### TASK DESCRIPTION
Please repeat exactly the lines below from the line with "新品 コムサデモード COMME" to the line with "When it’s time", including both, and leave out every picture.

### EXTRACTED RECORDS
=== Section Start ===
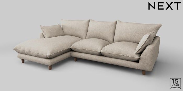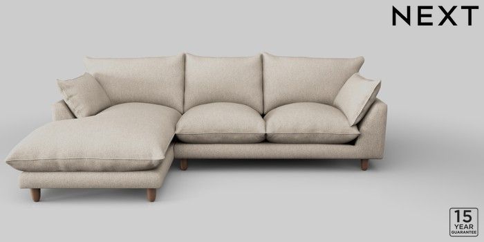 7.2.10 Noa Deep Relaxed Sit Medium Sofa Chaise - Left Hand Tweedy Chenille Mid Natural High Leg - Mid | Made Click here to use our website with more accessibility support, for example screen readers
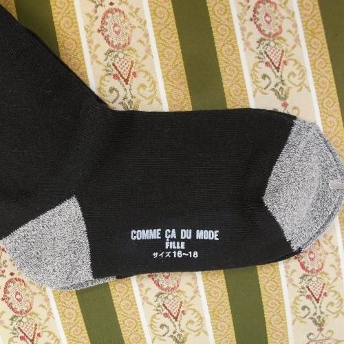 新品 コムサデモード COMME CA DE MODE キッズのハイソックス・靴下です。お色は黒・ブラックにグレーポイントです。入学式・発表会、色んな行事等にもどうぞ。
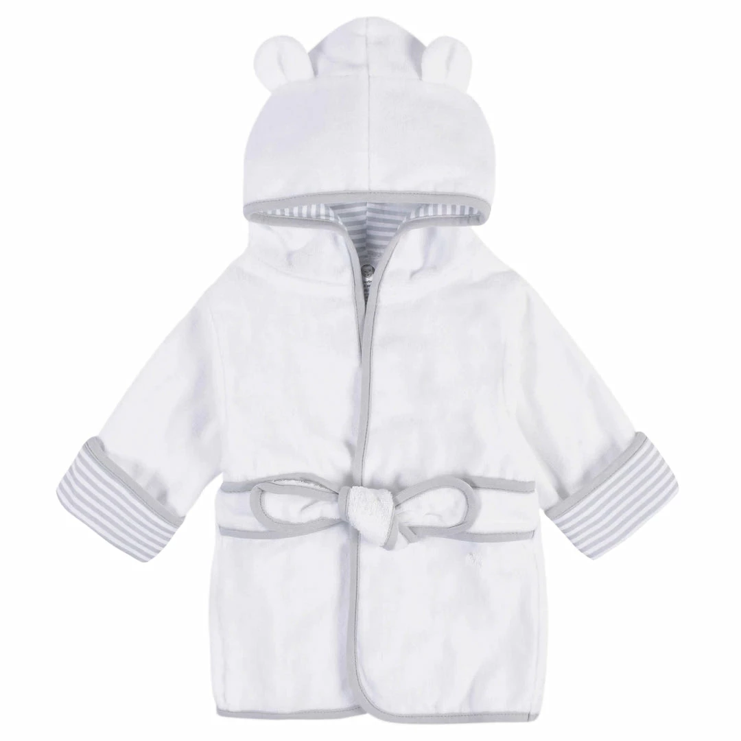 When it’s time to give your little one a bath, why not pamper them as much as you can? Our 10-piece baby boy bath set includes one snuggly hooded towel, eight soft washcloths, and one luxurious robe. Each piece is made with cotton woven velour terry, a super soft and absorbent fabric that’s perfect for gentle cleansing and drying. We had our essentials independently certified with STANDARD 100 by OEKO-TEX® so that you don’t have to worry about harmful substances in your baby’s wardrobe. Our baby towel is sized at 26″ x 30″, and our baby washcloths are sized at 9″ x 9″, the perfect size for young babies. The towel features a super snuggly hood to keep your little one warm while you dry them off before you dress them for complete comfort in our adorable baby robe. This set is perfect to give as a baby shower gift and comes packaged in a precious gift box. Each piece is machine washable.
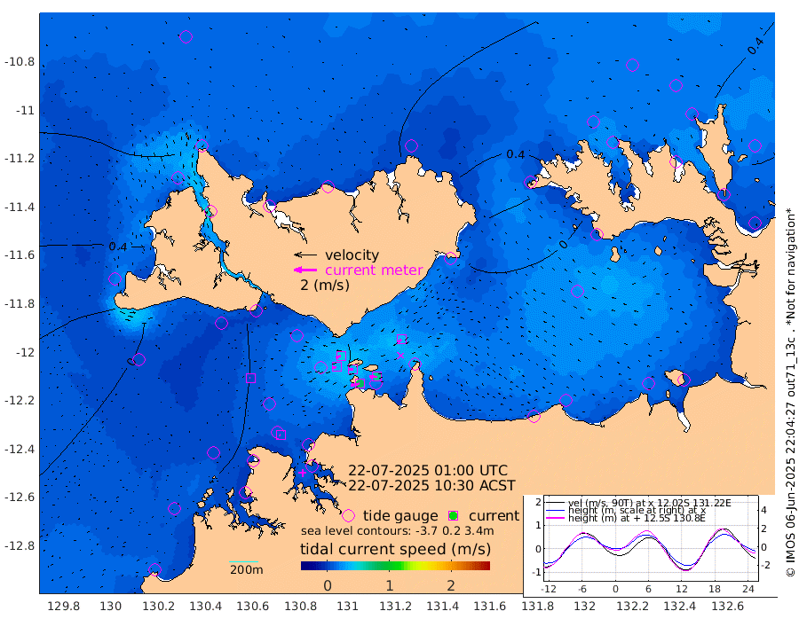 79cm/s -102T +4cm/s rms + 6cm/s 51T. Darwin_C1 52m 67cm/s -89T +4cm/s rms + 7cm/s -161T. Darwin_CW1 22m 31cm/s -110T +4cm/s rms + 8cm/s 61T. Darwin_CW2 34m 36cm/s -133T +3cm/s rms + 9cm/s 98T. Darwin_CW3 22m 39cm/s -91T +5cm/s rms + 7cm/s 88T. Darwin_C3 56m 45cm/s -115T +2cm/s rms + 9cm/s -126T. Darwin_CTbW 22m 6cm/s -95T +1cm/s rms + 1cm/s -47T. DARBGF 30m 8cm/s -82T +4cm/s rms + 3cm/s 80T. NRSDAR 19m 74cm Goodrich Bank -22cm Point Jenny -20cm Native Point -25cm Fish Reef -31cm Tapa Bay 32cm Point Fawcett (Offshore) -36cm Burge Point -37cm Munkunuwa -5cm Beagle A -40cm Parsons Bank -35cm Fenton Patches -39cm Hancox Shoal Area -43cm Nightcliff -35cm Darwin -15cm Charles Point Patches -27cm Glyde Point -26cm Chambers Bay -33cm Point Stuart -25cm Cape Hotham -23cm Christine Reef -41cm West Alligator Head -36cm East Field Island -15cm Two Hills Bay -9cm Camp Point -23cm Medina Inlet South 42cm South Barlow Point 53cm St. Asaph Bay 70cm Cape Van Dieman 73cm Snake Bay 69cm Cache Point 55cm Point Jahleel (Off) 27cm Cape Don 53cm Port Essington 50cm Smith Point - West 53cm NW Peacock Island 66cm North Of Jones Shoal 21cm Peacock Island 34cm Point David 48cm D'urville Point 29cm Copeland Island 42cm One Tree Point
=== Section End ===
=== Section Start ===
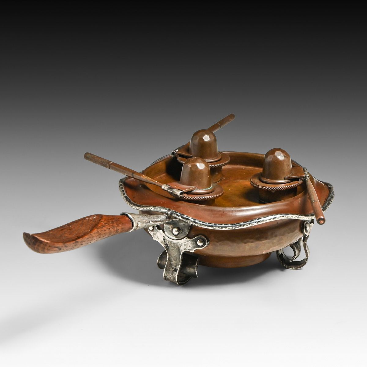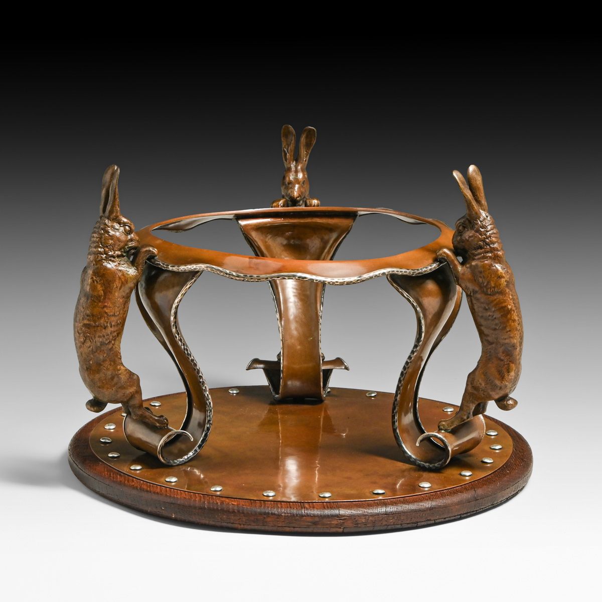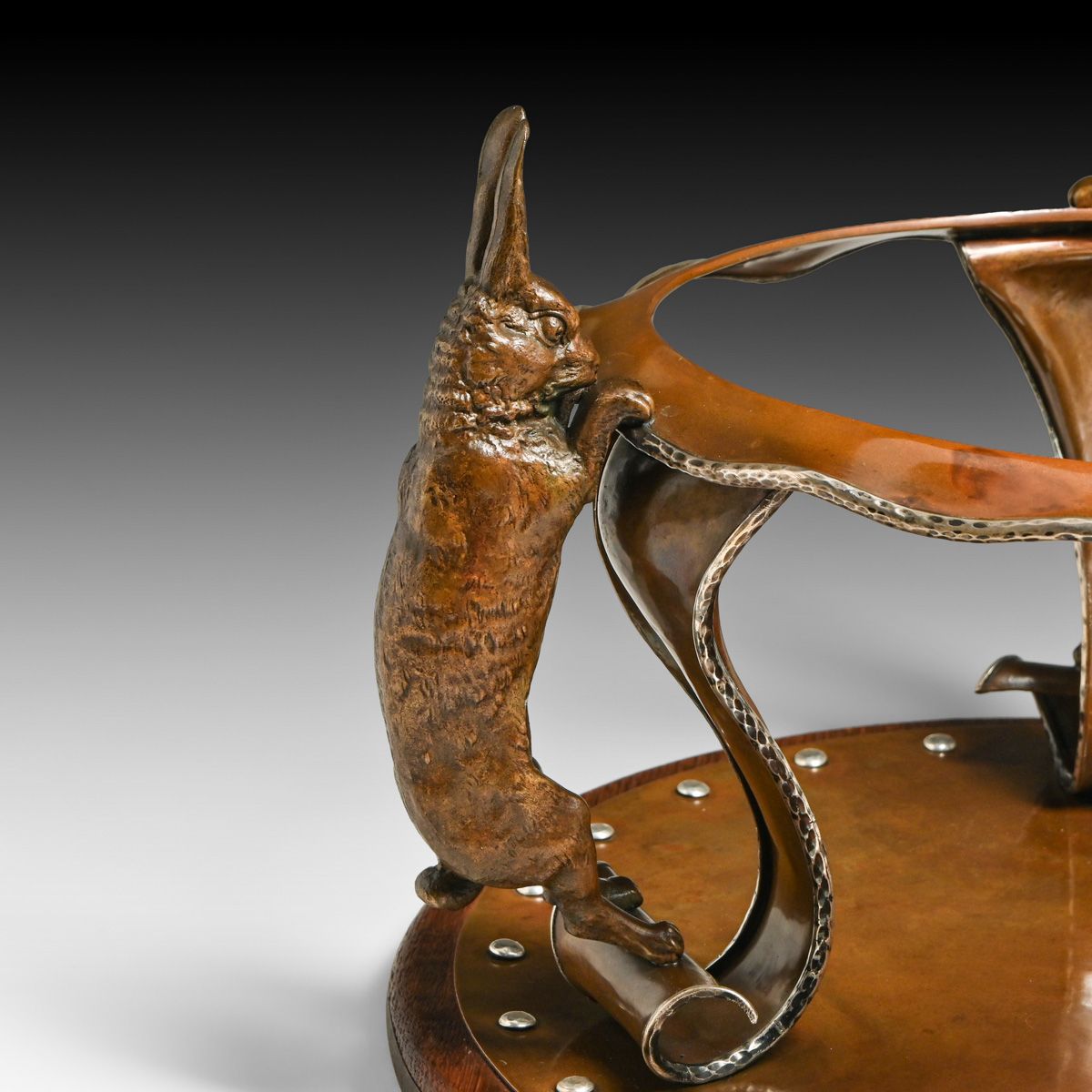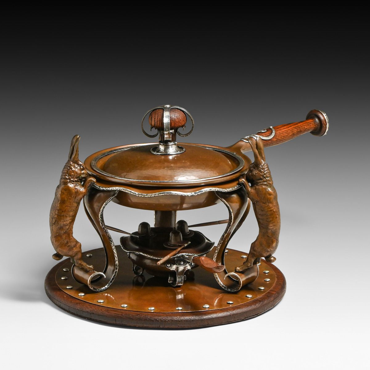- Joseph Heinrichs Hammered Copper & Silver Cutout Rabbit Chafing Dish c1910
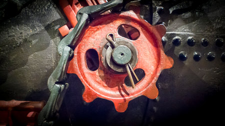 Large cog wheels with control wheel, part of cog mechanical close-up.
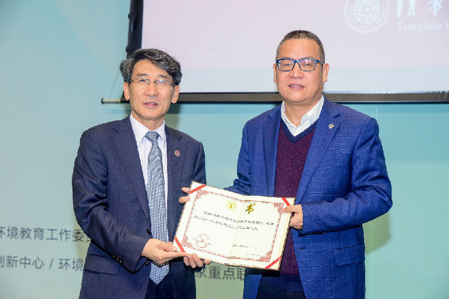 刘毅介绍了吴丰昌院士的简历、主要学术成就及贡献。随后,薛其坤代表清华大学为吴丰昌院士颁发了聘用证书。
=== Section End ===
=== Section Start ===
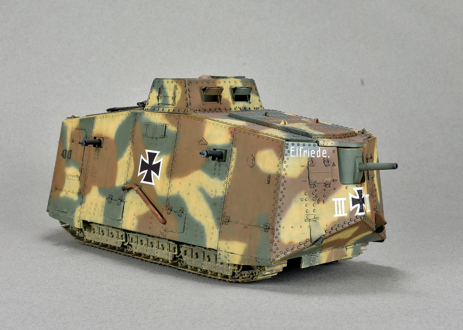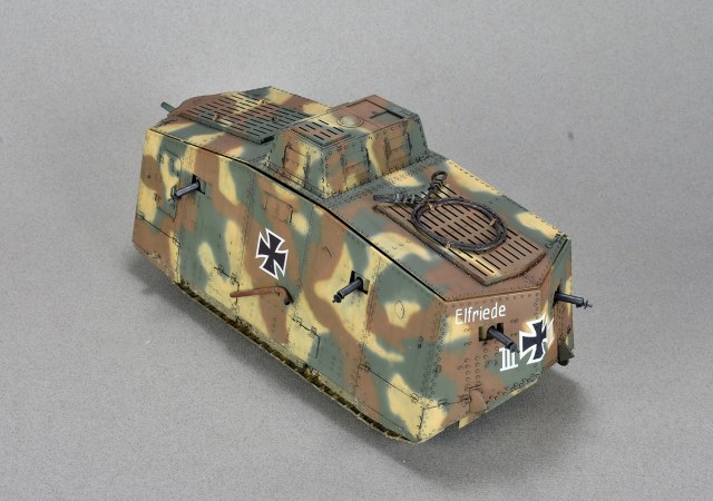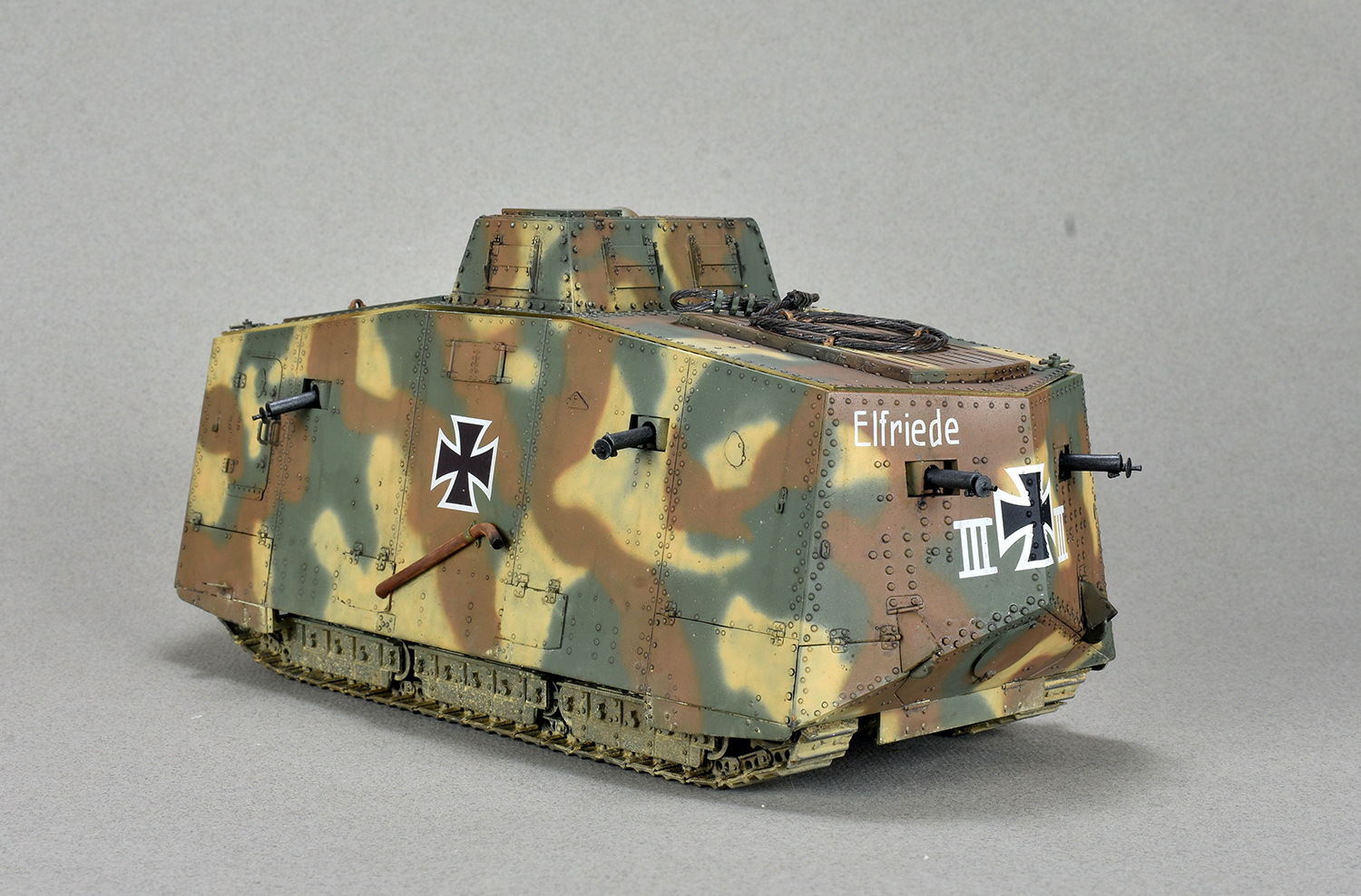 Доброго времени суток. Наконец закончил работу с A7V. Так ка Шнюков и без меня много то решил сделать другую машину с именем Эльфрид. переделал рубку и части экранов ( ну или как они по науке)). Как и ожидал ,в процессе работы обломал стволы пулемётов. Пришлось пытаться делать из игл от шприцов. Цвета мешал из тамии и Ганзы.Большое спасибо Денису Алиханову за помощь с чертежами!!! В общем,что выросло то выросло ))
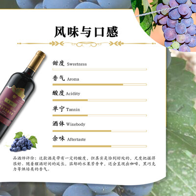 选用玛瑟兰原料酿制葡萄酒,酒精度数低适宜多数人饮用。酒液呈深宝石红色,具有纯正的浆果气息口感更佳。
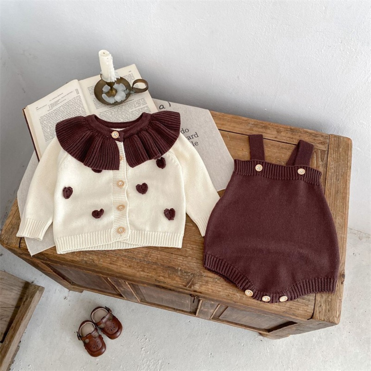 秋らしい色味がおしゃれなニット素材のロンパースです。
=== Section End ===
### TASK OUTPUT
 新品 コムサデモード COMME CA DE MODE キッズのハイソックス・靴下です。お色は黒・ブラックにグレーポイントです。入学式・発表会、色んな行事等にもどうぞ。
 When it’s time to give your little one a bath, why not pamper them as much as you can? Our 10-piece baby boy bath set includes one snuggly hooded towel, eight soft washcloths, and one luxurious robe. Each piece is made with cotton woven velour terry, a super soft and absorbent fabric that’s perfect for gentle cleansing and drying. We had our essentials independently certified with STANDARD 100 by OEKO-TEX® so that you don’t have to worry about harmful substances in your baby’s wardrobe. Our baby towel is sized at 26″ x 30″, and our baby washcloths are sized at 9″ x 9″, the perfect size for young babies. The towel features a super snuggly hood to keep your little one warm while you dry them off before you dress them for complete comfort in our adorable baby robe. This set is perfect to give as a baby shower gift and comes packaged in a precious gift box. Each piece is machine washable.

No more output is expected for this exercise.